Jean Touzeau, ancien maire de Lormont
Élu à Lormont depuis 1983 et maire de 1995 à 2026, ce natif de la commune a accompagné son extension, influencée par les évolutions de Bordeaux voisin, tout en préservant l’identité d’une ville à taille humaine.

crédit photo : Ville de Lormont
Comment la commune s’est-elle développée ?
C’est une ville située au cœur des coteaux de Garonne, qui a été profondément marquée par un projet de transformation urbaine dans les années 1960–1970 qui a complètement remodelé la ville. Nous sommes ainsi passés de 6 000 habitants à 26 158 selon le dernier recensement de l’Insee. Cette croissance s’explique d’abord par la création de la ZUP des Hauts-de-Garonne, symbole d’une véritable explosion démographique liée à la construction d’un habitat dense dans le périurbain, pour répondre à la pénurie de logements du début des Trente Glorieuses. À partir des années 1980, la ville s’est engagée dans de vastes opérations de renouvellement urbain, qui l’ont transformée, parachevée par l’arrivée de grandes infrastructures, comme le tramway au début des années 2000.
Quel rôle le tramway a‑t-il joué dans le lien avec Bordeaux ?
En 1995, lorsque je suis devenu maire, il existait un véritable fossé entre les coteaux et la ville-centre, séparés par des friches le long du fleuve. Le tramway a joué un rôle déterminant dans la stratégie urbaine, pour retisser ce lien entre la périphérie et le cœur de la métropole. Il a conduit à repenser la ville dans son ensemble : articuler les questions de mobilité avec l’habitat et l’aménagement des espaces publics est devenu essentiel. En témoigne la création du parc de l’Ermitage, ouvert au public en 2005 sur une ancienne friche industrielle.
Le lien avec Bordeaux s’est ainsi considérablement renforcé et le tramway a en parallèle fortement valorisé les opérations de renouvellement urbain en répondant à la première préoccupation des habitants : la mobilité.
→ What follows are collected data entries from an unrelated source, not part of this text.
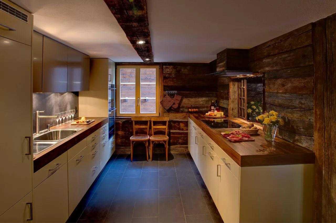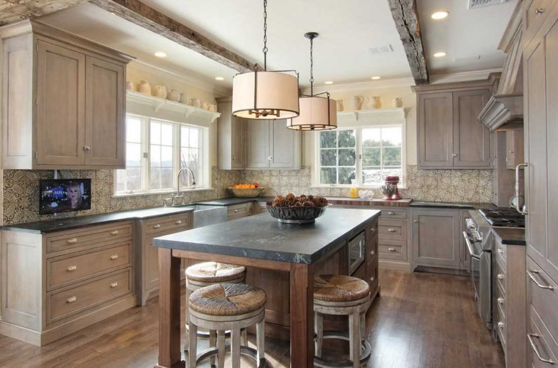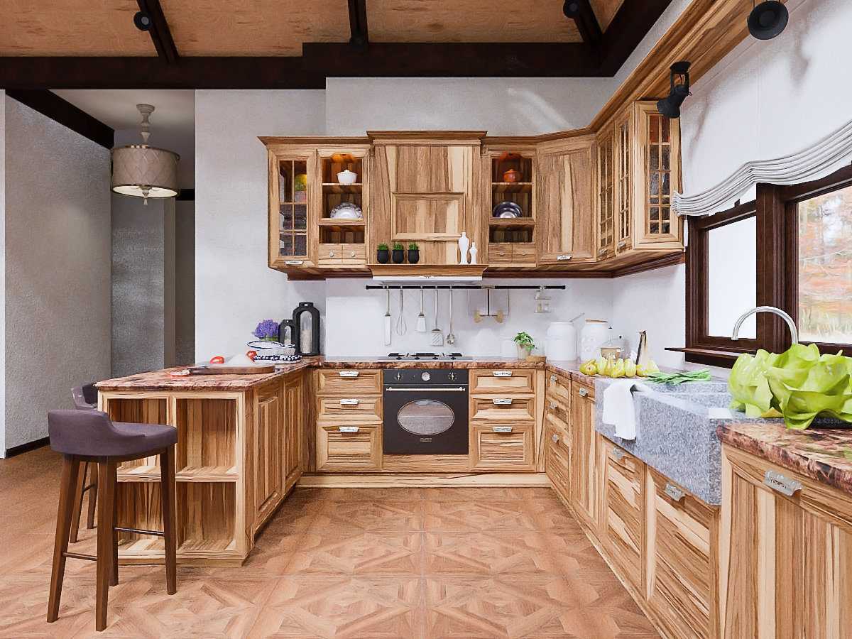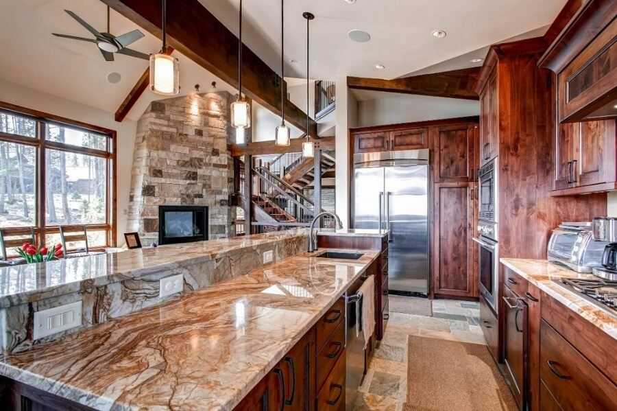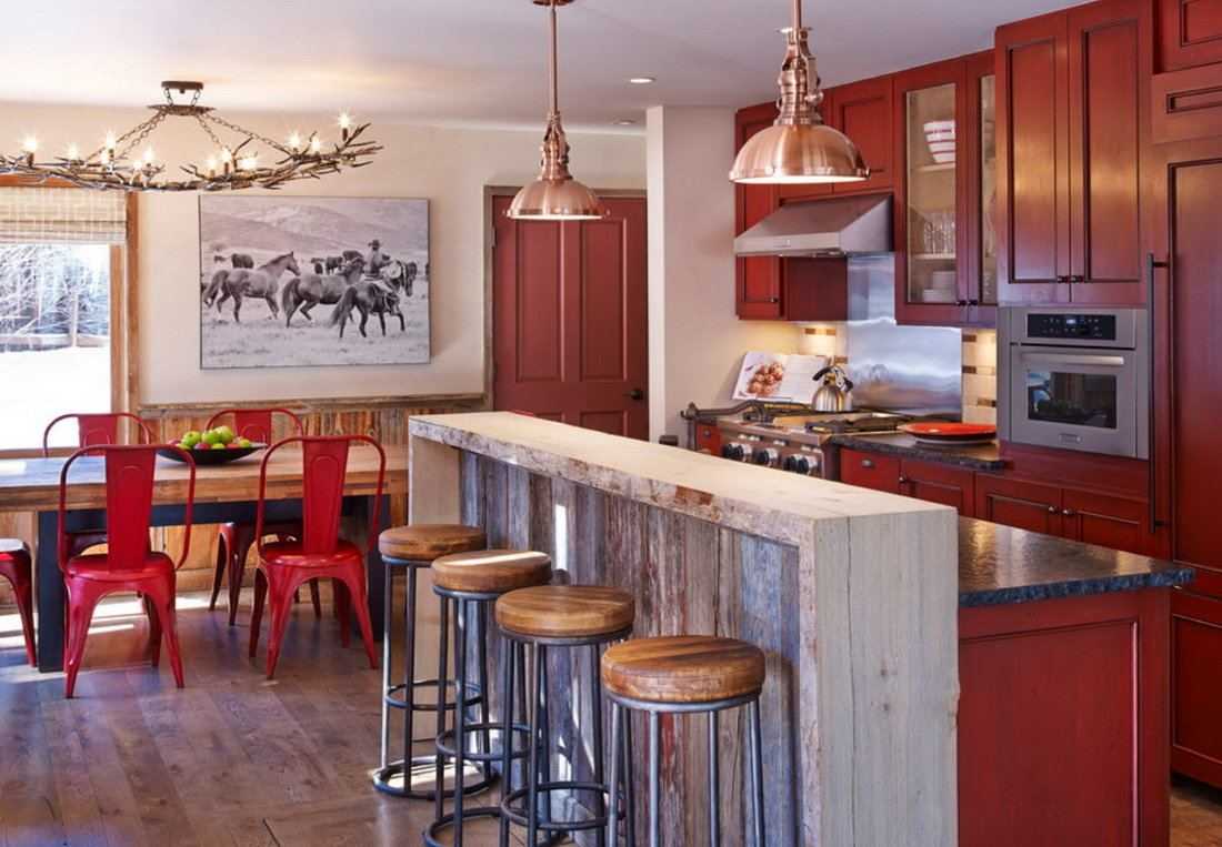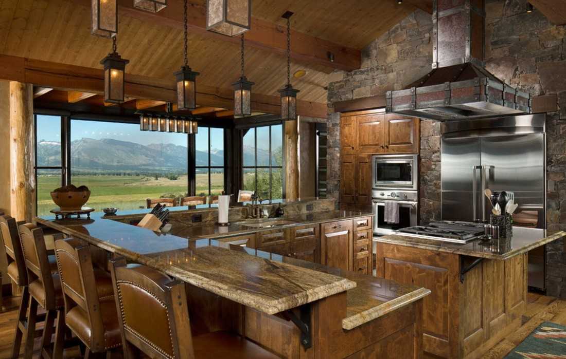 Кухня Шале – это, как и в стиле кантри, большое количество натуральных материалов:
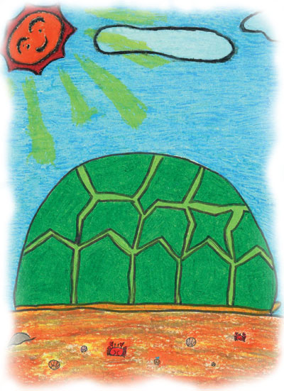 One day, he crawled onto the sandy beach to take a nap. Because he was so large, as large as a continent, he napped for a very long time, for thousands of years.
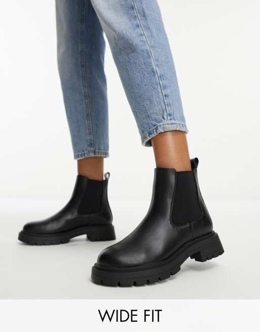 ASOS DESIGN Wide Fit – Adjust – Svarta, grova chelseaboots
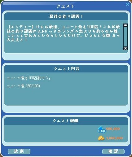 ユニーク魚100釣りのクエですが、80匹まで来ました ヽ(^o^)丿

Nous nous sommes inspirés de Strasbourg et de sa logique de réseau en étoile : à l’image du carrefour Pey Berland, où toutes les lignes convergent vers le centre. Ce lien naturel s’exprime désormais à travers l’ensemble des mobilités et des projets partagés : le transport en commun par bateau sur la Garonne, le développement de nouveaux quartiers au cœur même de la métropole. Autrefois très éloignée du centre, Lormont participe désormais pleinement à une métropole mieux connectée et plus qualitative.
Comment l’offre commerciale s’articule-t-elle ?
La commune présente une configuration particulière, traversée par le réseau autoroutier et ferroviaire, ce qui ne permet pas de disposer d’un centre-ville unique. Elle s’organise autour de plusieurs polarités de quartier, chacune offrant des services, des commerces et des espaces publics de proximité. Le projet de ville que nous avons porté repose sur une idée simple : disposer de tous les services essentiels accessibles en quelques minutes, en plaçant le cadre de vie au cœur de l’aménagement. Enfin, le centre commercial principal, situé à l’entrée de ville des Hauts-de-Garonne de la métropole, bénéficie d’un emplacement stratégique et d’un foncier disponible important. Il fera l’objet de projet d’aménagement pour l’adapter aux évolutions du commerce et renforcer son intégration dans le tissu urbain [lire p57-58]. Son positionnement, au croisement des pôles culturels (le Rocher de Palmer), sportifs, de santé, et bientôt des nouvelles mobilités je l’espère, à l’instar des télécabines reliant la rive gauche, garantit son avenir et sa place dans la dynamique urbaine de la métropole.